Le montant maximum de 75 euros ne peut bien sûr être dépassé (Crim., 19 octobre 2004, pourvoi n° 04-80.800).

La mise en conformité des lieux ou des ouvrages, leur démolition ou la réaffectation du sol prévues par l'article L. 480-5, qui constituent des mesures à caractère réel destinées à faire cesser une situation illicite, et non pas des sanctions pénales, ne sont pas soumises à la prescription de la peine (Crim., 23 novembre 1994, Bull. crim. 1994, n° 375, pourvoi n° 93-81.605).

C. - Peine complémentaire de publication de la décision

Il s'agit d'une peine facultative.

L'article L. 480-5, alinéa 2, prévoyant la publication dans deux journaux régionaux ou locaux publiés dans tout le département, encourt la cassation, par voie de retranchement, l'arrêt de la cour d'appel d'Aix-en-Provence qui ordonne la publication dans les quotidiens, Le Figaro et Var-Matin-Nice-Matin, le premier journal n'étant pas régional ou local (Crim., 3 novembre 2004, Bull. crim. 2004, n° 269, pourvoi n° 04-82.713).

A comparer : Crim., 1er février 1995, Bull. crim. 1995, n° 47, arrêt n° 1, pourvoi n° 94-81.735.

En sens contraire : Crim., 1er février 1995, Bull. crim. 1995, n° 47, arrêt n° 2, pourvoi n° 94-81.798.

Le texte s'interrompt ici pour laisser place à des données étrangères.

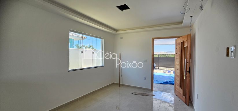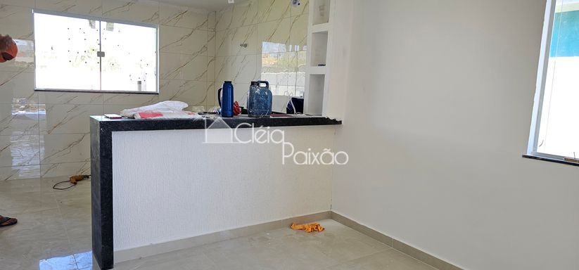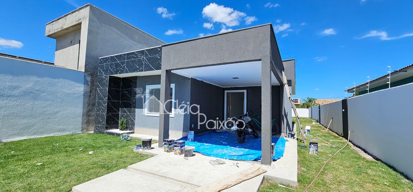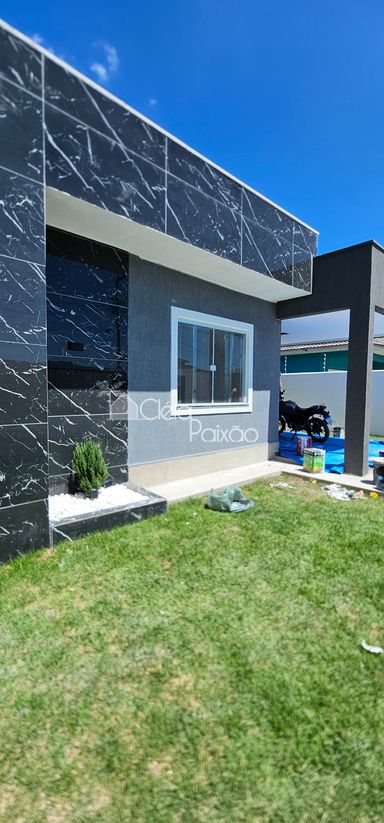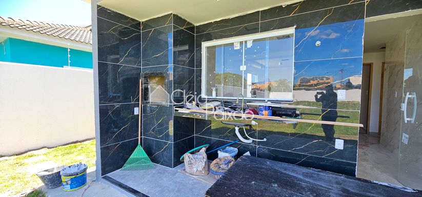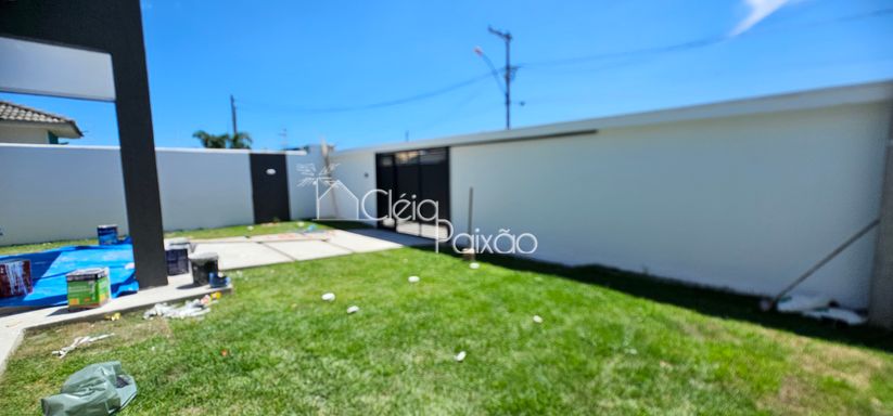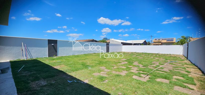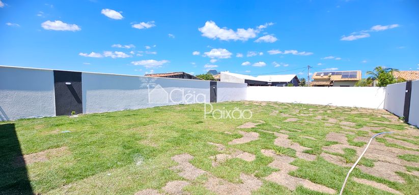 Casa com 3 quartos sendo 1 suíte, ampla sala, cozinha americana, banheiro social, área de serviço, área gourmet integrada à cozinha, terreno inteiro todo gramado.

Le pouvoir attribué par l'article L. 480-8 du code de l'urbanisme au maire, en sa qualité de représentant de l'Etat, de liquider et de recouvrer le produit de l'astreinte, n'est pas contraire aux principes posés par l'article 6 § 1 de la Convention européenne des droits de l'homme, dès lors que la créance dont la commune poursuit le recouvrement trouve son fondement dans la condamnation prononcée par une juridiction indépendante et impartiale et que la personne condamnée a la faculté de saisir en difficulté d'exécution la juridiction qui a prononcé la sentence (Crim., 8 février 2005, Bull. crim. 2005, n° 46, pourvoi n° 04-82.736).

La juridiction correctionnelle, saisie, conformément à l'article L. 480-7, d'une requête en reversement d'astreinte, doit juger en audience publique et non pas en chambre du conseil (Crim., 15 juin 1999, Bull. crim. 1999, n° 136, pourvoi n° 98-85.722).